GIVEN MATERIAL Block Start

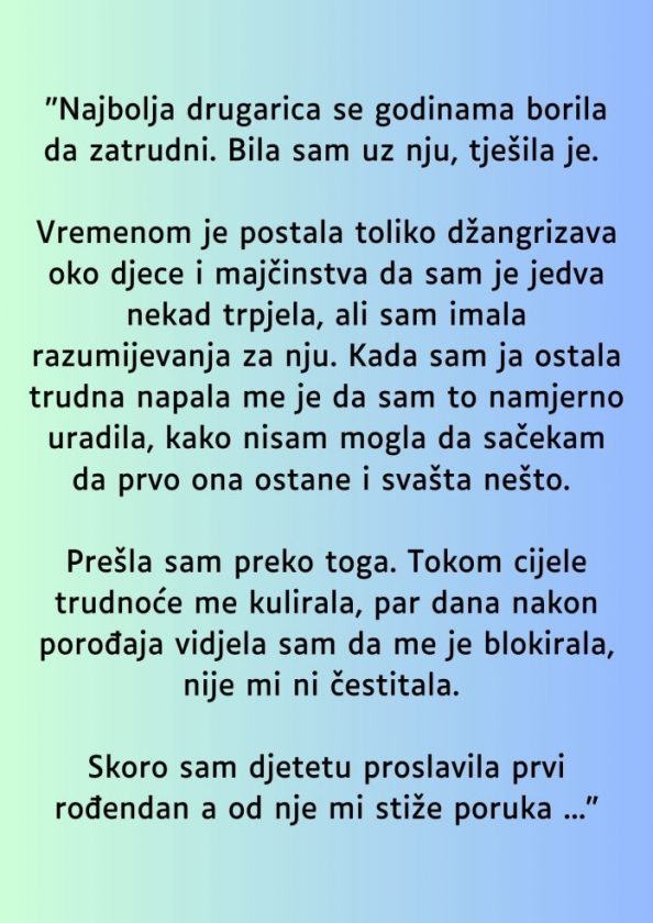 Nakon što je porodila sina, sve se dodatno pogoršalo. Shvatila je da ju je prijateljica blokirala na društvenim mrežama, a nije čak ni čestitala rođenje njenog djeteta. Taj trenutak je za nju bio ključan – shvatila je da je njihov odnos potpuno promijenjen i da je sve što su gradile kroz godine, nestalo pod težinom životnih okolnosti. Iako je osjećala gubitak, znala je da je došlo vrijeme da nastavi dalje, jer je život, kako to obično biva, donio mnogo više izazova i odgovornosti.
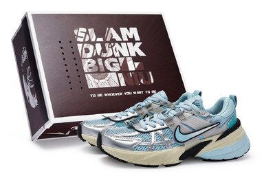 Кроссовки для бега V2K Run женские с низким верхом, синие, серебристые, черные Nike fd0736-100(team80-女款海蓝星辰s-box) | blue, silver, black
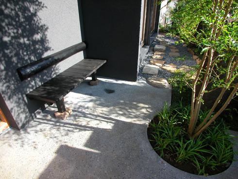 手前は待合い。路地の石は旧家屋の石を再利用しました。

GIVEN MATERIAL Block End

EXERCISE REQUIREMENTS = The required output is the span of lines from the line with "Кроссовки для бега" through the final line of the listing above, reproduced exactly, minus the pictures.

TASK RESULT =
 Кроссовки для бега V2K Run женские с низким верхом, синие, серебристые, черные Nike fd0736-100(team80-女款海蓝星辰s-box) | blue, silver, black
 手前は待合い。路地の石は旧家屋の石を再利用しました。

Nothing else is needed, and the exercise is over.